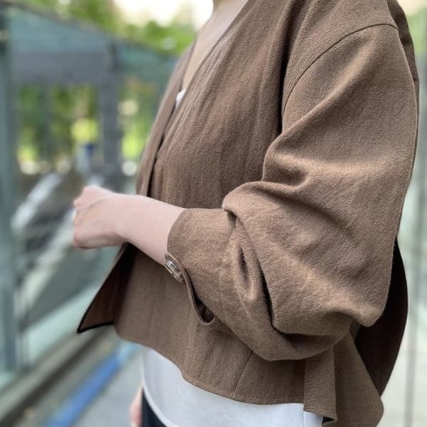 お次はジャケットライクなウール×リネンのカーディガン↓
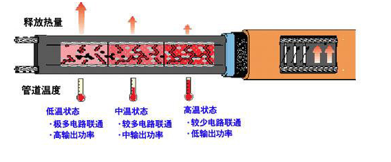 自限温电JK漫画官网APP带具有PTC电阻正温度效应,电JK漫画官网APP带工作的时候,温度上升到一定范围,自动断电,停止加热。超温自动切断电路,限制温度,以达到恒温JK漫画官网APP的目的。
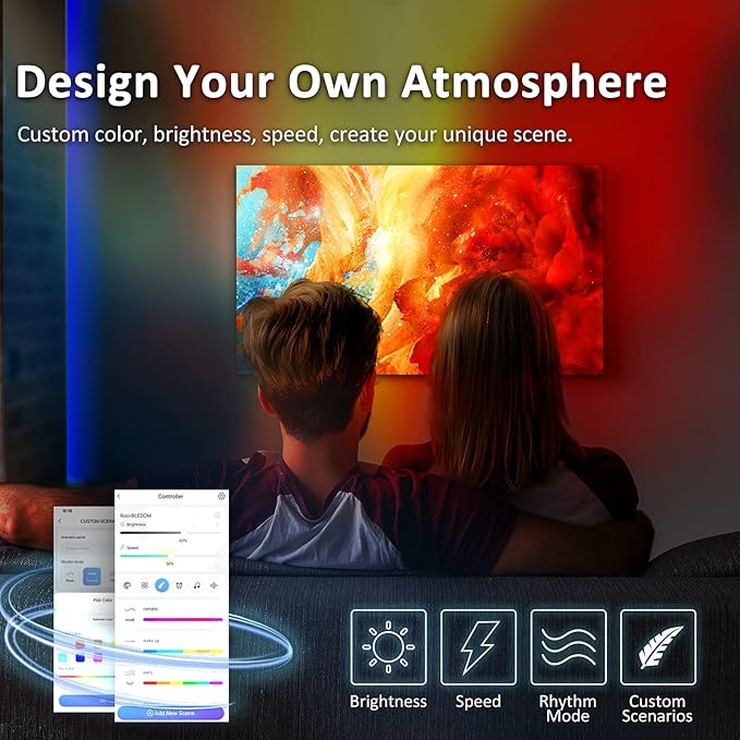 With the smart app, you can control and customize the lighting patterns, colors, lighting effects and timing, brightness, and everything else. Moreover, you can also set modes options based on your liking.
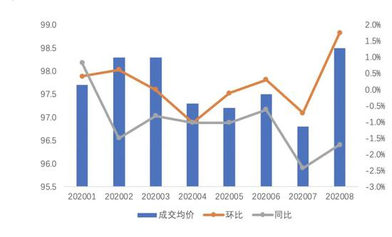 同时,尽管8月租金水平环比稳中有升,但同比保持下降趋势。根据贝壳研究院的数据,2020年8月杭州市平均租金为98.5元/㎡,环比上涨1.8%,同比下降1.7%。从环比来看,4月到7月租金下降和上涨幅度在1.0%以内。从同比来看,1月到8月,由于疫情影响,租金持续保持下降的趋势。
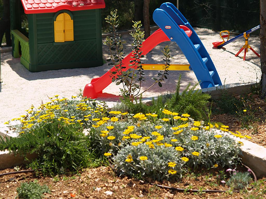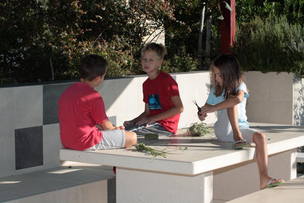 Skupna ponudba za vse goste je žar z veliko kamnito mizo, žar za otroke in terasa za sončenje z ležalniki. Za hišo je pokrito parkirišče. Apartmaje obdaja velik vrt z dišečimi sredozemskimi rastlinami.
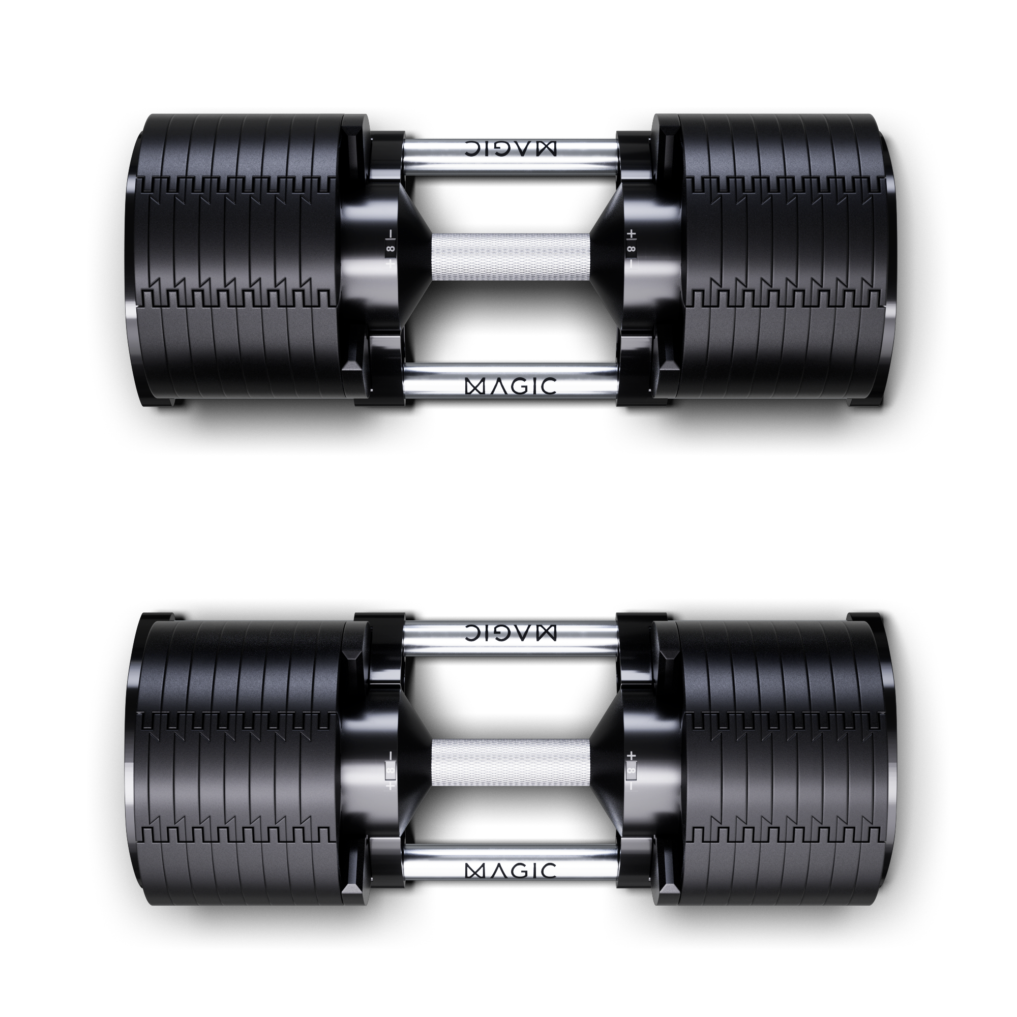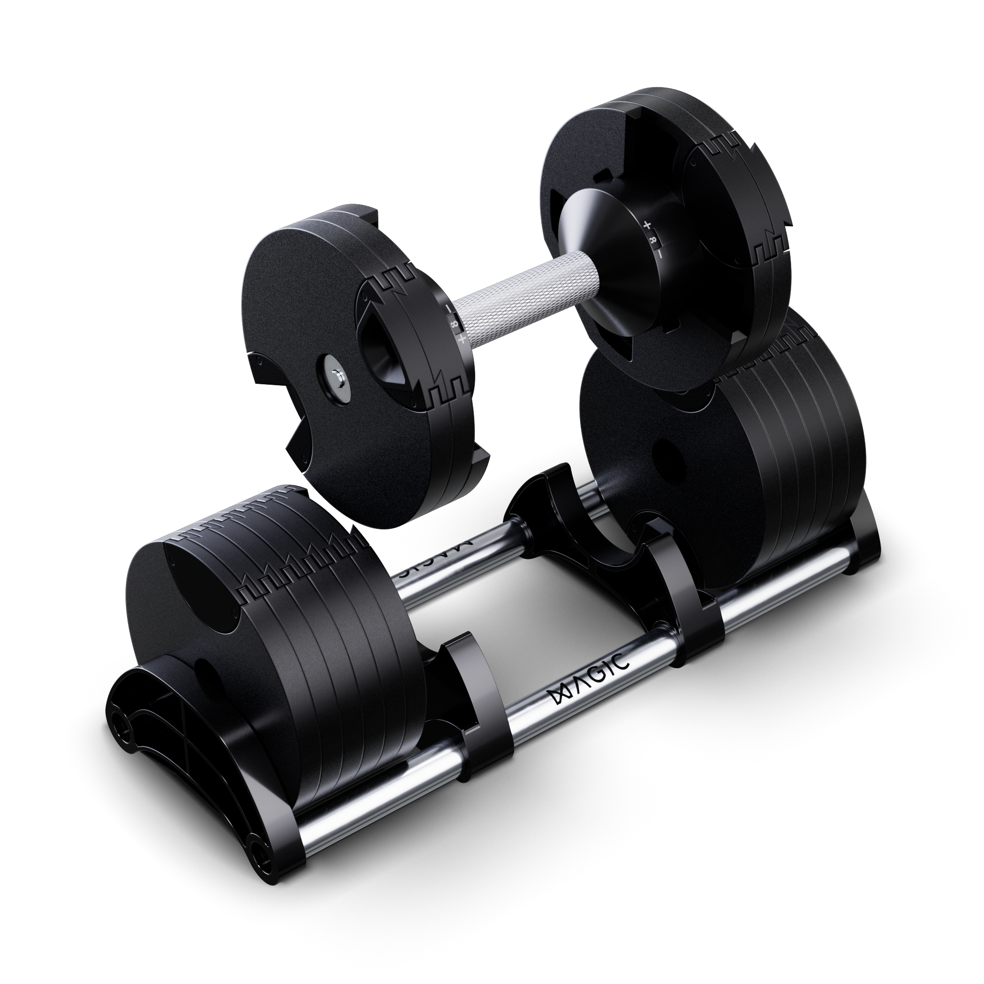 Replace an entire weight rack with a 16-in-1 weights solution. The patent-pending MAGIC smart dumbbells increase from 5lb all the way up to 80lb in 5lb increments ensuring you can progress easily. Together they total 160lb of weight and are easily adjustable with a single twist of the handle.
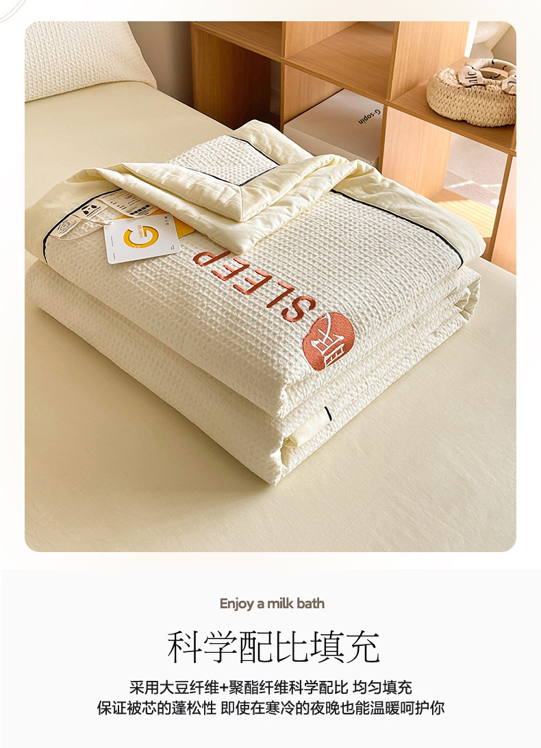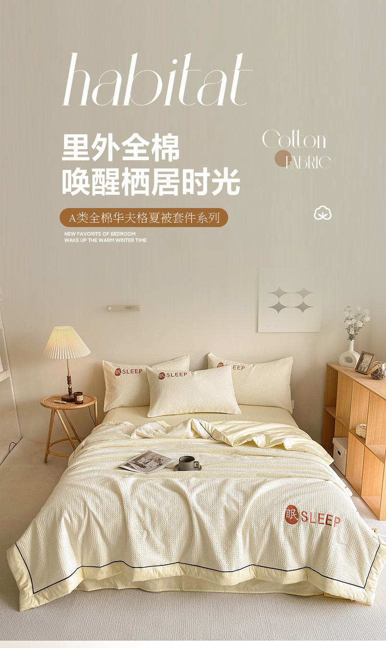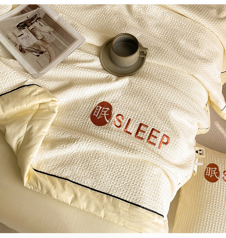 • 91家纺网 家纺一手货源 找家纺 眠博士 2024新款A类全棉华夫格拼角夏被套件系列 夏被-珍珠白
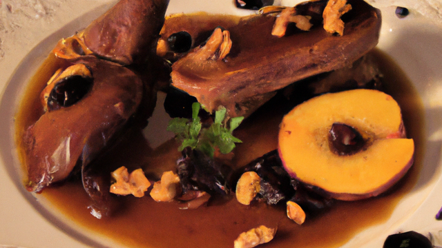 Canard cuit dans un nappage de sauce de pruneaux aux épices, accompagné de pruneaux fourrés au coing et quelques poires rôties.
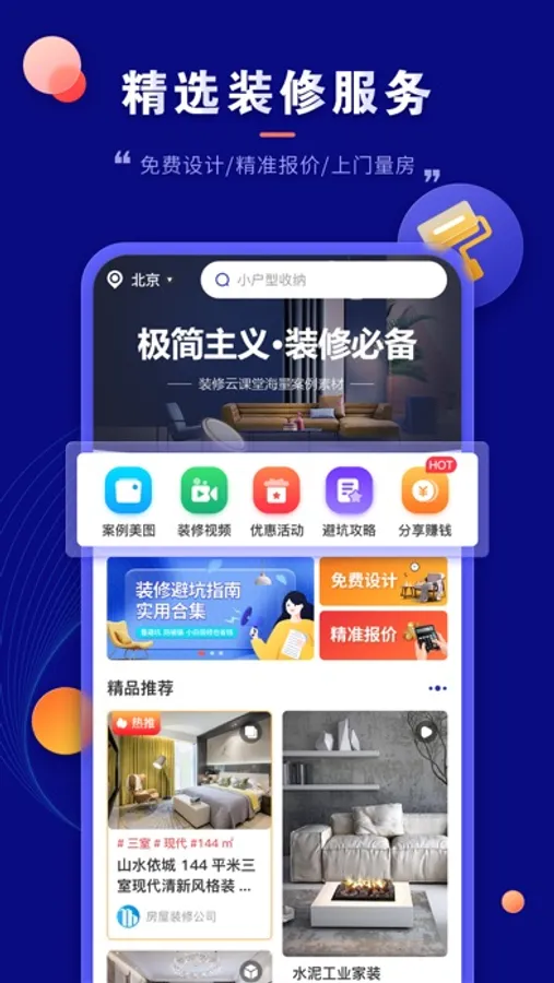 房子装修设计是一款让您装修有灵感、预算不超支、开工不被坑、施工不迷路的装修软件。装修怕麻烦,就来装修云课堂,帮您装的省心,让您住的舒心。
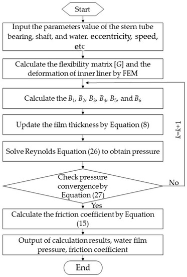 The Reynolds equation [26,27] for finite-width water-lubricated stern tube bearings in a steady state is
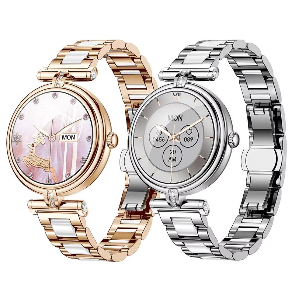 Drioshipping Reloj inteligente de moda de lujo para mujer Pantalla de 1,09 pulgadas Monitoreo DE SALUD BT Call IP68 Acero impermeable Silicona Metal

*****

Work request: Locate "Canard cuit dans" in the listing above, then print exactly the lines from that line through the final one, omitting all pictures.

Result for this exercise:
 Canard cuit dans un nappage de sauce de pruneaux aux épices, accompagné de pruneaux fourrés au coing et quelques poires rôties.
 房子装修设计是一款让您装修有灵感、预算不超支、开工不被坑、施工不迷路的装修软件。装修怕麻烦,就来装修云课堂,帮您装的省心,让您住的舒心。
 The Reynolds equation [26,27] for finite-width water-lubricated stern tube bearings in a steady state is
 Drioshipping Reloj inteligente de moda de lujo para mujer Pantalla de 1,09 pulgadas Monitoreo DE SALUD BT Call IP68 Acero impermeable Silicona Metal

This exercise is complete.